I have a set of immutable objects that implement equals() that strictly compare the member variables they hold. Two objects are identical if the member variables are equal. hashCodes() are consistent with this.

I want to be able to aggregate these objects according to looser definitions of similarity. I was thinking of using comparator for this so that I could define a bunch of ad hoc similarity rules, but the javadoc states that comparator should be consistent with equals(). Is is OK to break the comparator contract with equals() to achieve this, or is there some better method/pattern/strategy for aggregating objects according to some similarity rules?

Examples may include:

  • Locations: equals() returns true if LatLng and place name exactly equal, but comparator returns 0 if LatLng within say 25m/50m/100m regardless of place name etc, or if only place names are equal regardless of LatLng.
  • Dates: equals() returns true if long millis are equal, but comparator returns 0 if on same day/month/year etc..
  • Strings: equals() return true if equalsIgnoreCase() is true, but comparator may removes spaces/special characters to reduce to some canonical form then run equals etc.
smci
  • 32,567
  • 20
  • 113
  • 146
chdryra
  • 523
  • 5
  • 17
  • Related: (to justify why the 'inconsistent' part means this mustn't be done by overriding `equals()`) [What issues should be considered when overriding equals and hashCode in Java?](https://stackoverflow.com/questions/27581/what-issues-should-be-considered-when-overriding-equals-and-hashcode-in-java) – smci May 08 '21 at 00:18

2 Answers2

0

Considering that "similarity" is not a transitive operation: if a is similar to b, and b is similar to c, then a may not be similar to c, I would suggest not to use Comparable/Comparator here, because its contract implies transitivity.

A custom interface that suits your needs should be a good option:

interface SimilarityComparable<T, D> {
    // D - object that represents similarity level
    D getSimilarityLevel(T other);
}

However with this approach you won't be able to define multiple groups of similarity for the same type, because of Java generics:

class Location implements SimilarityComparable<Location, Distance>, SimilarityComparable<Location, NameDifference> {
    // won't compile - can't use two generic interfaces of the same type simultaneously
}

In this case you can fall-back to comparators:

interface SimilarityComparator<T, D> {
    D getSimilarityLevel(T a, T b);
}

class LocationDistanceSimilarityComparator implements SimilarityComparator<Location, Distance> { 
    ... 
}

class LocationNameSimilarityComparator implements SimilarityComparator<Location, NameDifference> { 
    ... 
}
user3707125
  • 3,394
  • 14
  • 23
  • Great thanks!
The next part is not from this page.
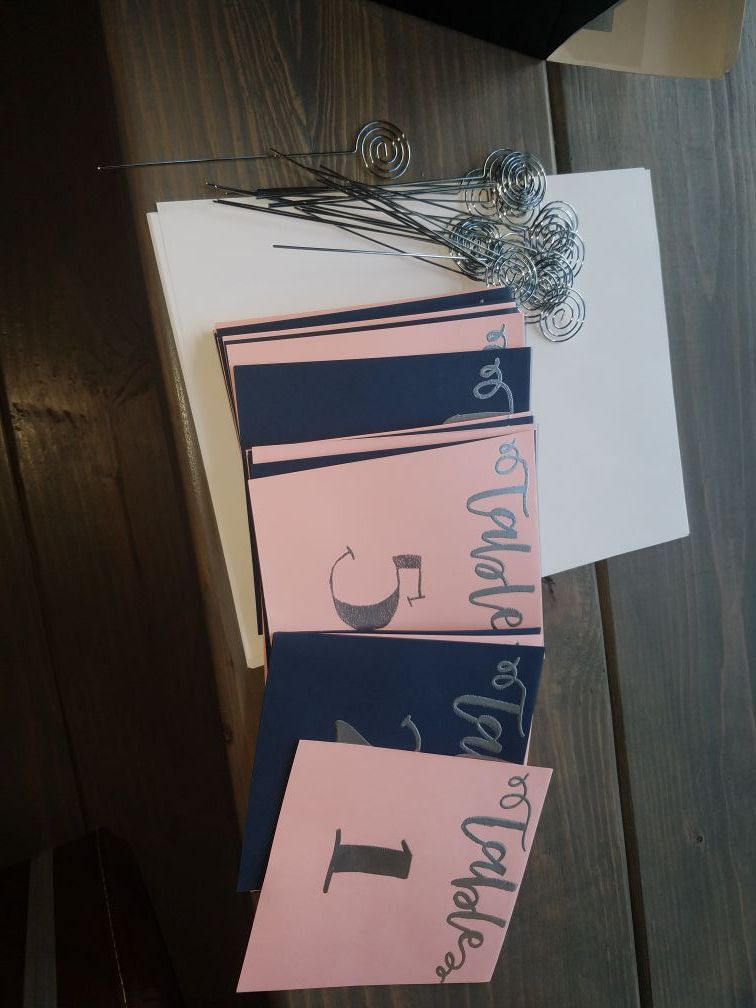 Beautiful handwritten table numbers in navy and pink for a wedding tables 1-25 with card holders as seen in the picture from our wedding.

Looks nice and clean. I guess if defined correctly I could use D as something that is Comparable to another D? Therefore use a canonical D_0 as the 'coarseness' of my similarity? e.g. if D is the Distance similarity measure in the example above, I could have some logic that states that if D_i is less than some predefined D_0, then the locations that produced D_i should be considered the same for aggregation purposes? – chdryra Jul 01 '15 at 13:53
  • @chdryra, yes - something like that, or you can remove that second parameter and simply use `boolean` - depends on your case. – user3707125 Jul 01 '15 at 14:00
  • I don't see why similarity (as implemented by most methods) is not transitive, can you give an example where if *a* is similar to *b*, and *b* is similar to *c*, but *a* is not similar to *c*? Other than say LatLng(a,b) is < 25m and so is LatLng(b,c), but LatLng(b,c) == 40m, thus failing similarity. I think similarity is only not transitive when we start involving distances or thresholds. – smci May 07 '21 at 23:39
  • @smci, I believe one can illustrate that using geometrical representation. Equality means that two points are in the same spot. Similarity means that two points are close within a certain threshold. Also similarity is bidirectional. Which means that geometrically it can be represented as a distance. Therefore I would rather ask what concept of similarity doesn't resemble distance. – user3707125 May 28 '21 at 11:57
0

The answer will depend on how you intend to use the comparison.

However, I agree with @user3707125, do not under any circumstances implement Comparable for this purpose. You have no control over what code will use the Comparable functions for comparisons that must follow the rules defined.

There are circumstances where you must use Comparator, such as if you are using the standard Java API library to sort or filter your objects. If this is the case then you are still quite safe using a Comparator because you have control over where the Comparator is used, and where the more rigorous equals() is used. You just need to be aware that if your relaxed comparisons don't meet the standard contract then sort and filter operations will produce results that are also similarly relaxed and inconsistent.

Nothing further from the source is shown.